The whiskey did relax her, but she fell into bed and tossed and turned in a state of semi-consciousness. Luckily, her stateroom mate was still on duty, else she might have been treated to hearing Beth mumble, “Kerry. Why did you kiss me? It’s a strange thing to do but I do so wish you would again. You look at me with such longing.” Beth played the kiss over and over. She didn’t know what it meant and where it might lead, but her psyche had latched on to it.
*
Chef Henri announced to his kitchen staff that the Palace Hotel was given the honor of hosting President McKinley for his visit to San Francisco. Further, he said, they would be preparing a huge banquet in honor of the occasion where the Mayor of San Francisco, the Commandant of the Presidio, General Merritt, and many other personages would dine with the President. Chef would plan the meal and all cooks’ labors would be needed. He added that his sou
s
-chef, Jim, would be assigned to make the demi-glace for the
boeuf bourguignon
, a task that Chef generally reserved for himself because it had to be absolutely perfect.
“This time, it will be up to
Monsieur
Jeem, because in him I have the utmost confidence, and I will be too busy with the rest of the meal.”
Jim looked around at the other cooks with a superior smirk.
“I will, furthermore, entertain the idea of allowing one of you to prepare a special dish for
le Président
, but you will compete for the honor.” The five line cooks looked around uneasily at one another. Only Kerry kept her eyes fixed on Chef Henri.
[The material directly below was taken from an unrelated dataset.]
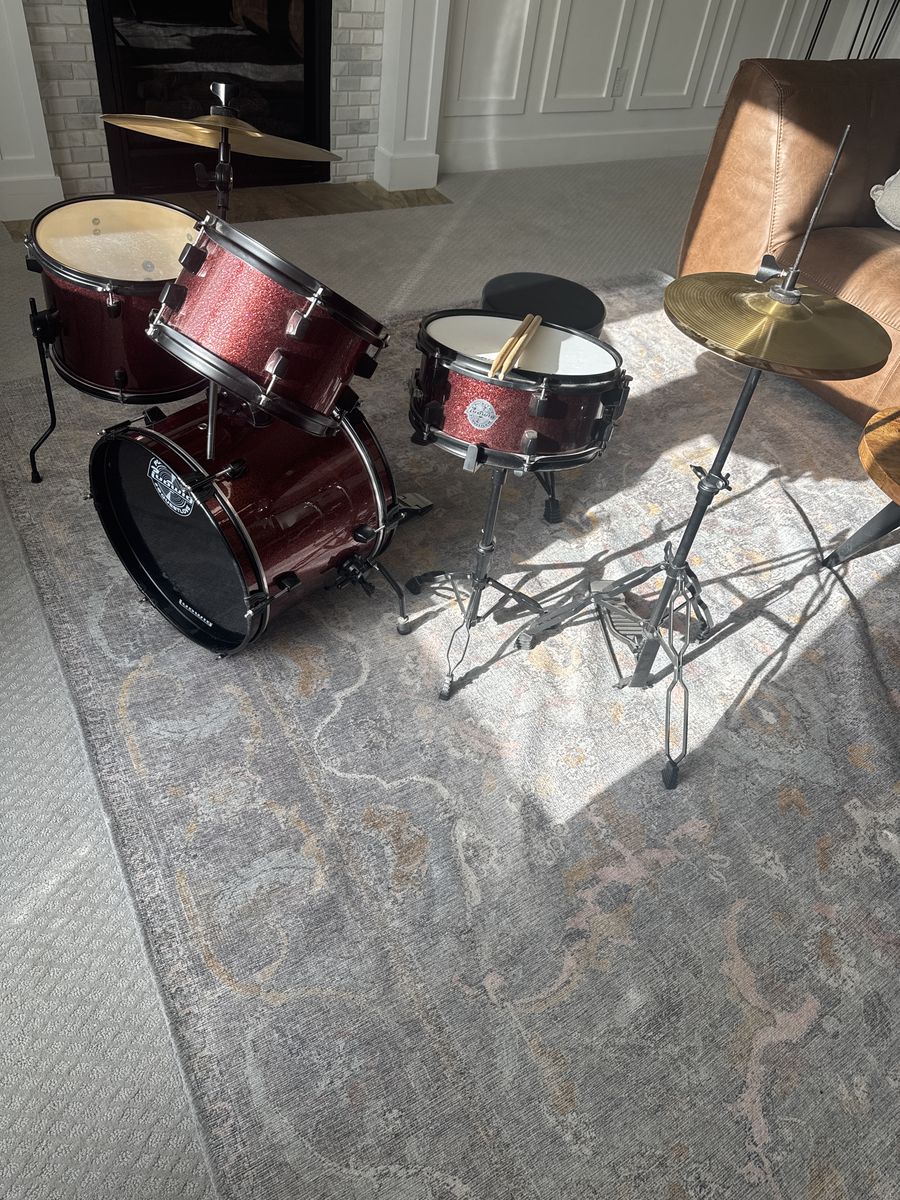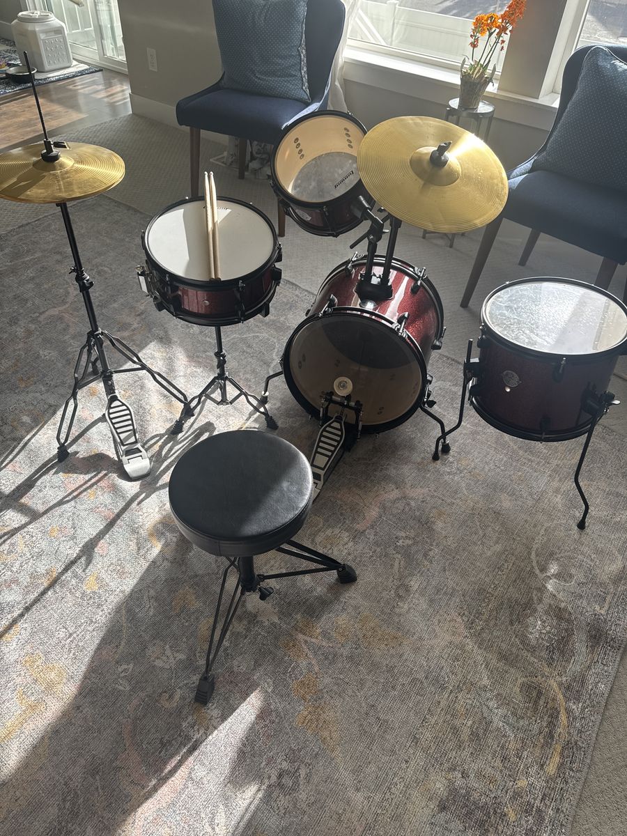 VenmoUsed Ludwig kids drum set, 5 Piece 16in youth full drum set with Bass, Toms, Snare, Floor Drum, Adjustable Throne, Cymbal, Hi-Hat Pedal, stool. This is a Starter Drum Kit for kids, red sparkle color. Good condition, 1 previous drum owner outgrew set.

“Yes, Chef,” they chorused.
After Chef left the kitchen, Jim leaned back against a table, crossed his arms, and said in a bored tone, “Which one of you no-accounts thinks he,” and he aimed a spiteful glance at Kerry, “or she, or whatever you are, can impress Chef?”
No one said a word. They weren’t only bored with Jim’s single-minded harassment of Kerry, they were tired of his tyrannical ways with all of them.
“Hah. I thought not.” He left the kitchen on some mysterious errand as usual. Kerry and Davey went out back to the garbage pit and, standing upwind of it, smoked a cigarette and conversed in whispers, sharing thoughts on what they might prepare.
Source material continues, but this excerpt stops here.